→ **Dataset records**:
=== Begin Enclosure ===
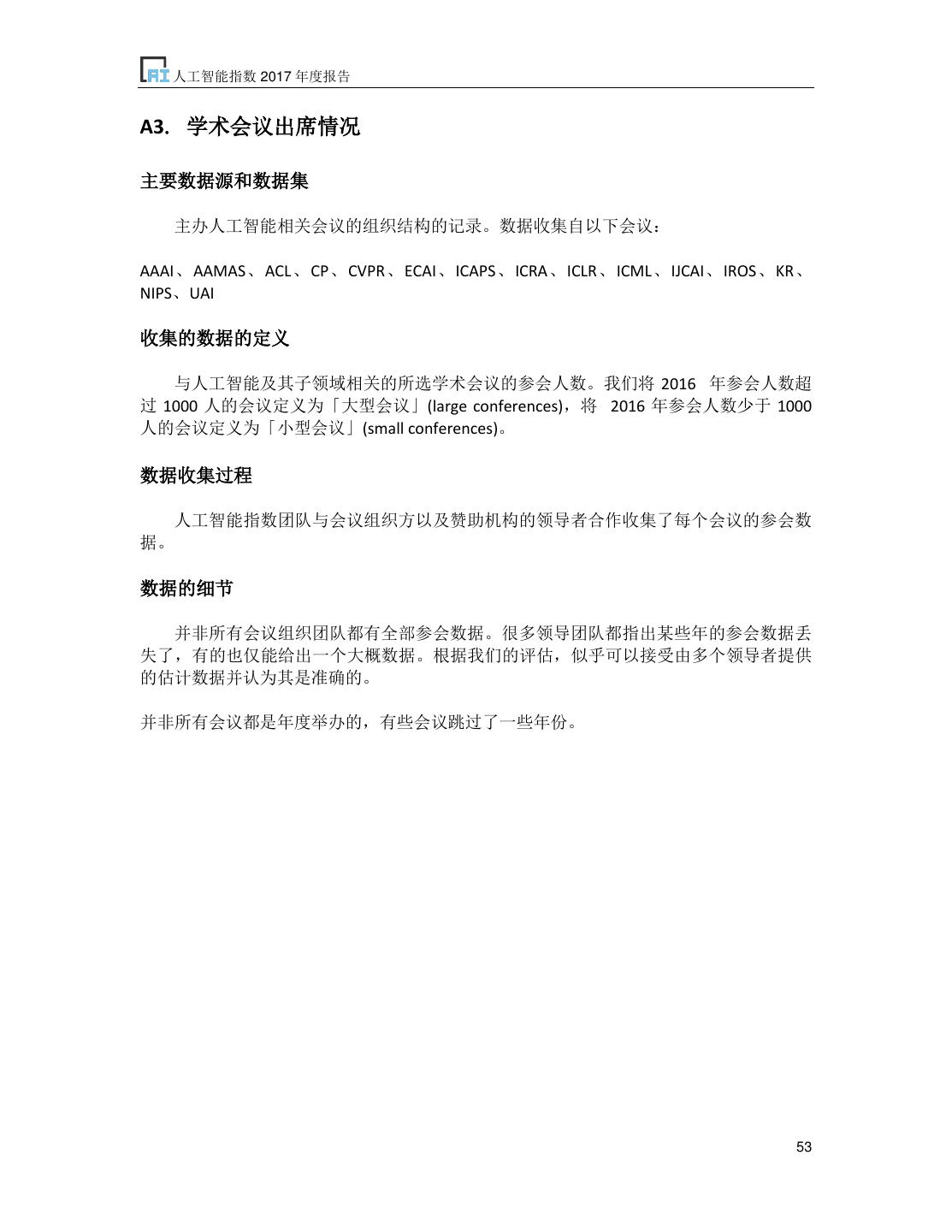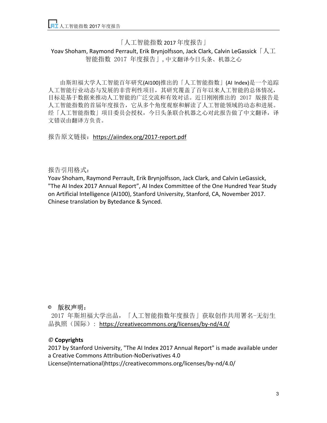 3 . 人工智能指数 2017 年度报告 「人工智能指数 2017 年度报告」 Yoav Shoham, Raymond Perrault, Erik Brynjolfsson, Jack Clark, Calvin LeGassick「人工 智能指数 2017 年度报告」,中文翻译今日头条、机器之心 由斯坦福大学人工智能百年研究(AI100)推出的「人工智能指数」(AI Index)是一个追踪 人工智能行业动态与发展的非营利性项目,其研究覆盖了百年以来人工智能的总体情况, 目标是基于数据来推动人工智能的广泛交流和有效对话。近日刚刚推出的 2017 版报告是 人工智能指数的首届年度报告,它从多个角度观察和解读了人工智能领域的动态和进展。 经「人工智能指数」项目委员会授权,今日头条联合机器之心对此报告做了中文翻译,译 文错误由翻译方负责。 报告原文链接:https://aiindex.org/2017-report.pdf 报告引用格式: Yoav Shoham, Raymond Perrault, Erik Brynjolfsson, Jack Clark, and Calvin LeGassick, "The AI Index 2017 Annual Report”, AI Index Committee of the One Hundred Year Study on Artificial Intelligence (AI100), Stanford University, Stanford, CA, November 2017. Chinese translation by Bytedance & Synced. © 版权声明: 2017 年斯坦福大学出品,「人工智能指数年度报告」获取创作共用署名-无衍生 品执照(国际): https://creativecommons.org/licenses/by-nd/4.0/ © Copyrights 2017 by Stanford University, "The AI Index 2017 Annual Report" is made available under a Creative Commons Attribution-NoDerivatives 4.0 License(International)https://creativecommons.org/licenses/by-nd/4.0/ 3
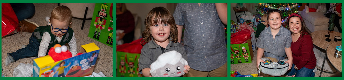 Our 3 grandsons, Thor, Ashton, & Baby Calvin Takashi, were the stars on the day - all excited about their many gifts under the tree. Calvin liked his talking Elmo. Ashton was thrilled with some damn thing called a "Lanky Box" and Thor seemed to like a "Squishy Pillow" used as a Gaming Accessory. I probably have this wrong - but we'll go with it for now.
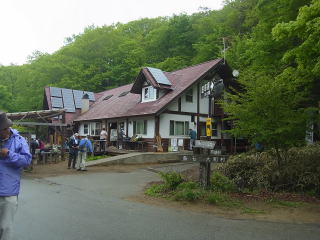| 上日川峠のロッヂ長兵衛。小雨の降る生憎の天気だが付近の駐車場は満杯で、人も多い。 |
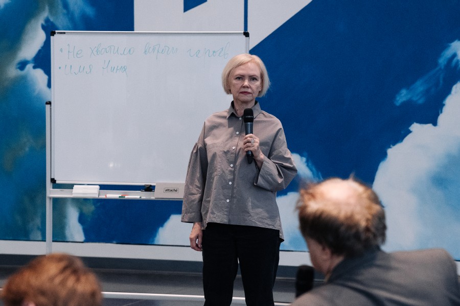 В читальной гостиной Музея Бориса Ельцина стартовал книжный клуб «Суета вокруг дивана». 27 апреля его заседание провела Елена Козьмина, профессор кафедры издательского дела УрФУ им. Б.Н. Ельцина, доктор филологических наук и страстный читатель. Желающих поговорить о рассказе Кира Булычёва «Можно попросить Нину?» было так много, что заседание книжного клуба перенесли в зал Свободы.
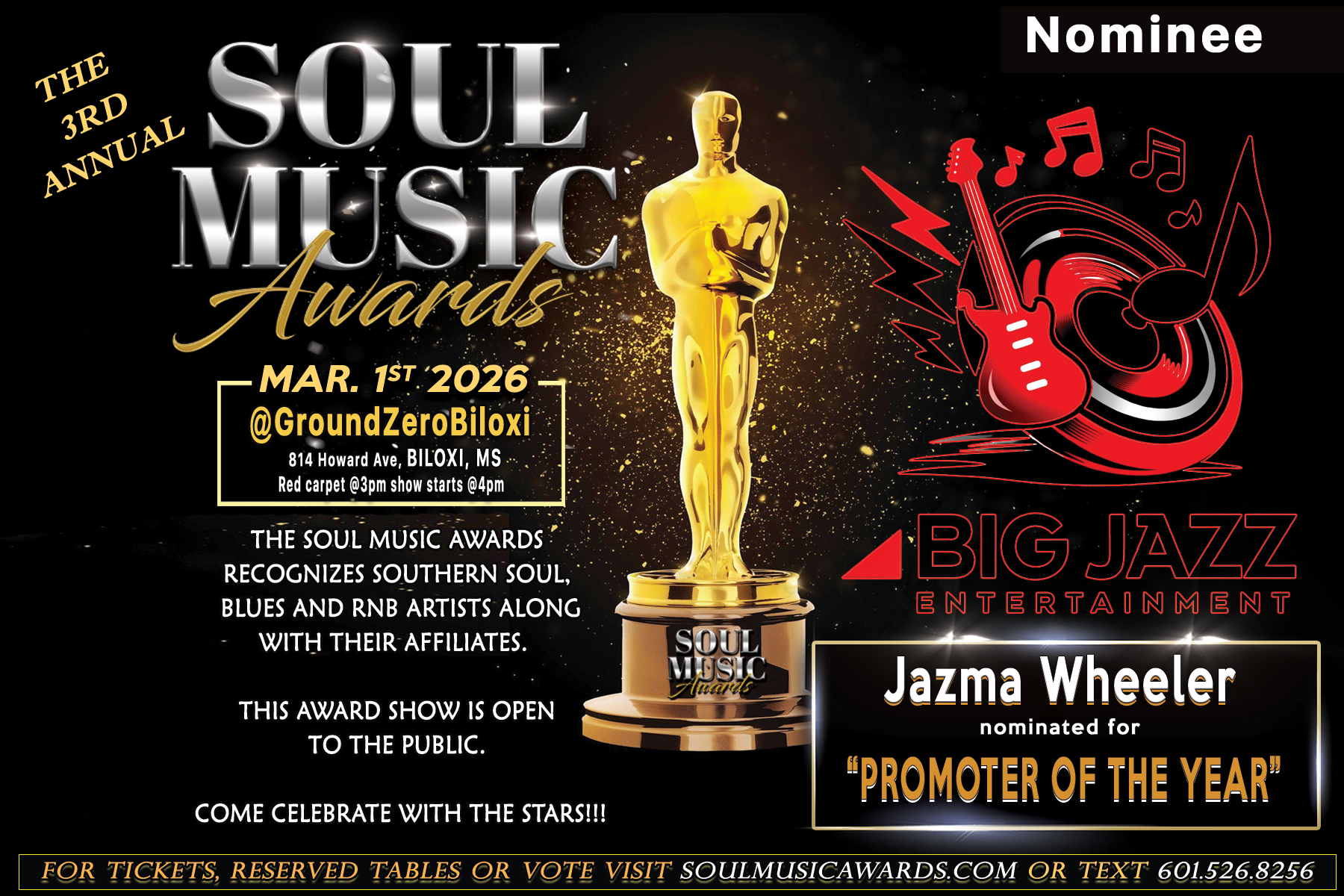 The 3rd Annual Soul Music Awards is set to honor and celebrate the significant contributions of outstanding artists to the music industry. Attendees can look forward to dynamic performances, special guest appearances, and opportunities to network with industry influencers and music aficionados. The event will feature special guests, including Southern Soul luminaries like Vick Allen, SeraBee, J'Cenae, Anissa Hampton, Omar Cunningham, Bre Wooten, Tay Cheesy and others
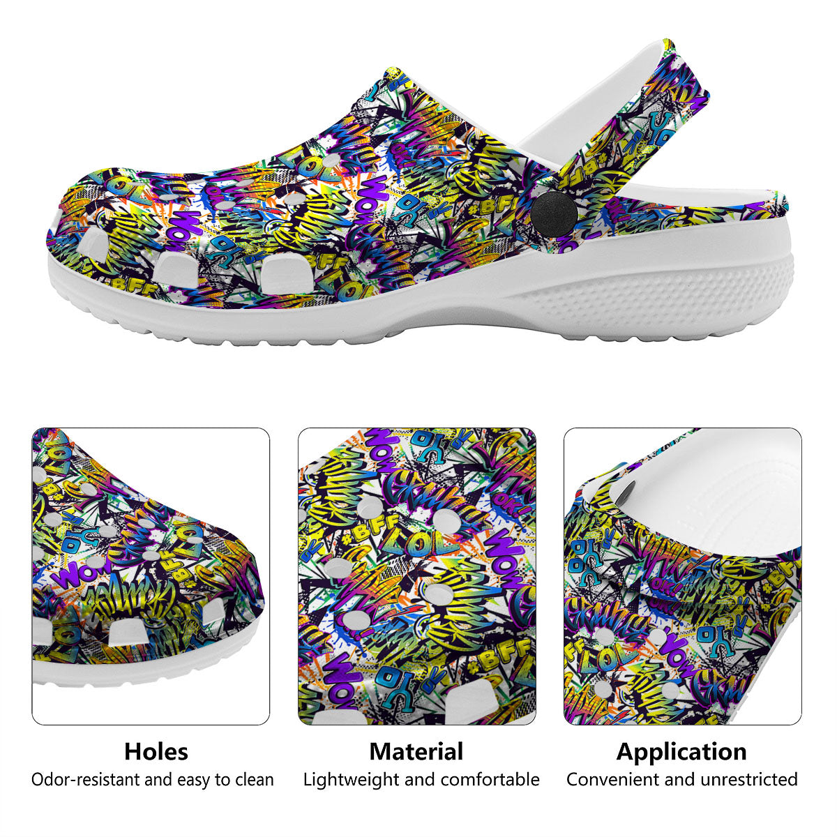 Looking for unique clog? Check out our Graffiti Colorful Print Pattern Clog at Grizzshopping. Our clog are handcrafted to the highest quality standards and custom-made for you
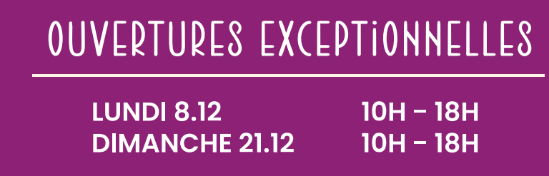 Lundi 8 décembre & dimanche 21 décembre : 10h à 18h
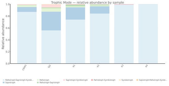 Putative functional profiles were inferred from marker–gene data (FUNGuild (ITS) for fungi and PICRUSt2, Tax4Fun2, and FAPROTAX (16S) for bacteria) recognizing that these are association-based predictions rather than metagenome-resolved functions and are most appropriately interpreted compared across niches.
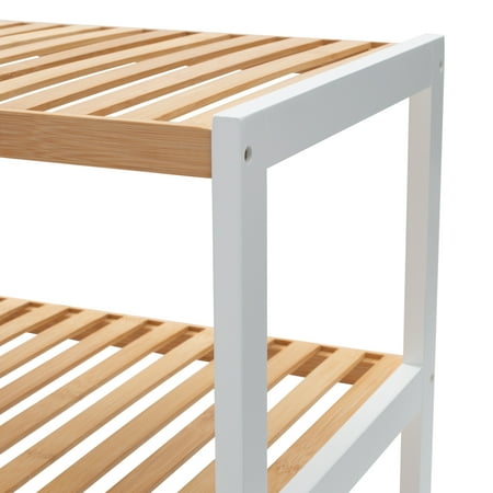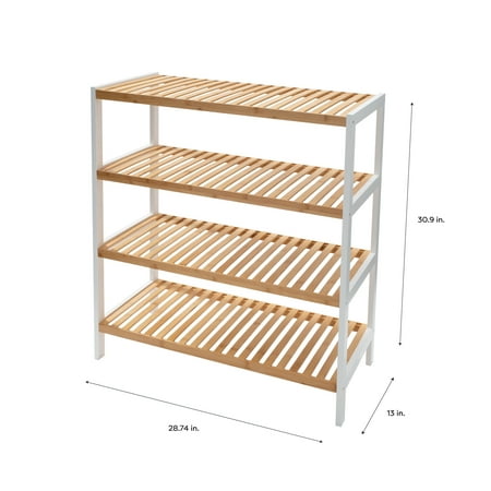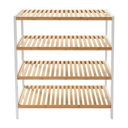 Put this Organize It All Adult Sonora Bamboo 4 Tier Shelf inside or outside of your closet to maximize storage space and keep your shoes organized. Easily place anywhere within your bathroom, bedroom, or closet. It holds up to 12 pairs of shoes. The shelves can also store clothes, towels, or other bathroom accessories. The bamboo and white finish are simple and modern and will look good in any room. Put this item in your entryway or bedroom to create a nice place for storage and to keep your shoes organized.
=== End Enclosure ===
Copy exactly, with no pictures, the lines from the line containing "Putative functional profiles" through the last line of the records above.

→ **Answer area**:
 Putative functional profiles were inferred from marker–gene data (FUNGuild (ITS) for fungi and PICRUSt2, Tax4Fun2, and FAPROTAX (16S) for bacteria) recognizing that these are association-based predictions rather than metagenome-resolved functions and are most appropriately interpreted compared across niches.
 Put this Organize It All Adult Sonora Bamboo 4 Tier Shelf inside or outside of your closet to maximize storage space and keep your shoes organized. Easily place anywhere within your bathroom, bedroom, or closet. It holds up to 12 pairs of shoes. The shelves can also store clothes, towels, or other bathroom accessories. The bamboo and white finish are simple and modern and will look good in any room. Put this item in your entryway or bedroom to create a nice place for storage and to keep your shoes organized.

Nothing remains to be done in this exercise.